## PROVIDED MATERIAL:
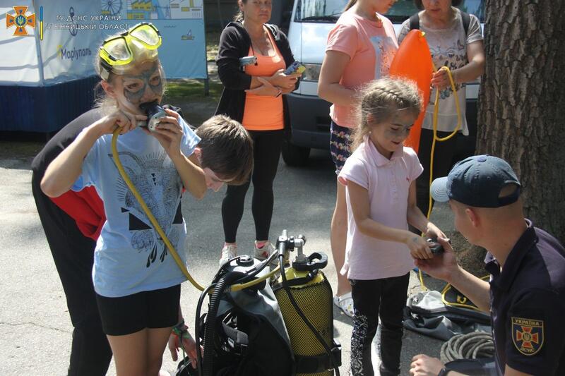 Водолази ознайомили всіх з основними правилами безпечного відпочинку на воді, а також розповіли, як працює спеціальне спорядження для занурення під воду та порятунку людей. Також маленькі відпочивальники дізналися, як правильно розпізнати людину, яка тоне, та як її врятувати.
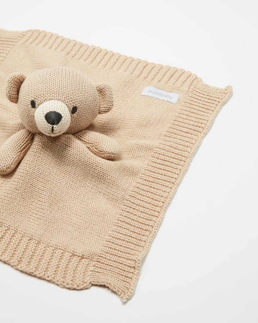 Purebaby’s Knitted Bear Comforter is the perfect companion for every precious newborn’s nursery.
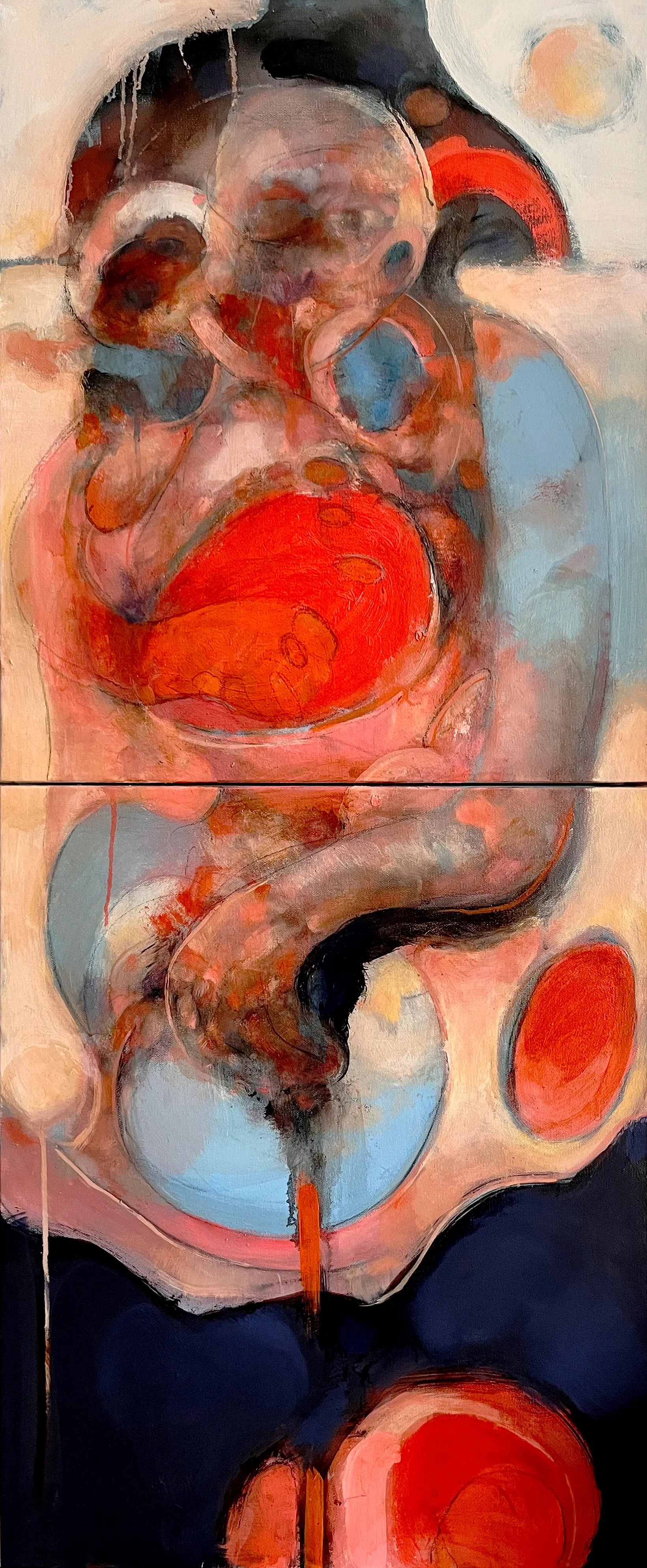 Robin McCoy is an expressionist painter based in Asheville, North Carolina, whose visceral, large-scale oil paintings immerse viewers in a primordial beauty. Born in Charleston, SC, and trained in commercial graphic arts at Savannah College of Art & Design, McCoy broke away from formal constraints to pursue a raw, improvisational practice rooted in the traditions of postwar abstract expressionism and figurative distortion. His paintings feature tangled human and animal forms dissolving into abstract shapes, where the boundary between figure and environment blurs, evoking a sense of primal chaos. What emerges is not mere disorder, but a dark sensuality—a luscious, shocking visual language that is as emotionally unsettling as it is seductively beautiful. His canvases remind us that the raw and chaotic undercurrents of existence can, in their own right, be deeply and disturbingly beautiful.

## TASK GOAL:
Having located the line with "Purebaby’s Knitted Bear", copy it exactly along with every later line through the end of the listing above, but omit the pictures.

## WRITTEN SOLUTION:
 Purebaby’s Knitted Bear Comforter is the perfect companion for every precious newborn’s nursery.
 Robin McCoy is an expressionist painter based in Asheville, North Carolina, whose visceral, large-scale oil paintings immerse viewers in a primordial beauty. Born in Charleston, SC, and trained in commercial graphic arts at Savannah College of Art & Design, McCoy broke away from formal constraints to pursue a raw, improvisational practice rooted in the traditions of postwar abstract expressionism and figurative distortion. His paintings feature tangled human and animal forms dissolving into abstract shapes, where the boundary between figure and environment blurs, evoking a sense of primal chaos. What emerges is not mere disorder, but a dark sensuality—a luscious, shocking visual language that is as emotionally unsettling as it is seductively beautiful. His canvases remind us that the raw and chaotic undercurrents of existence can, in their own right, be deeply and disturbingly beautiful.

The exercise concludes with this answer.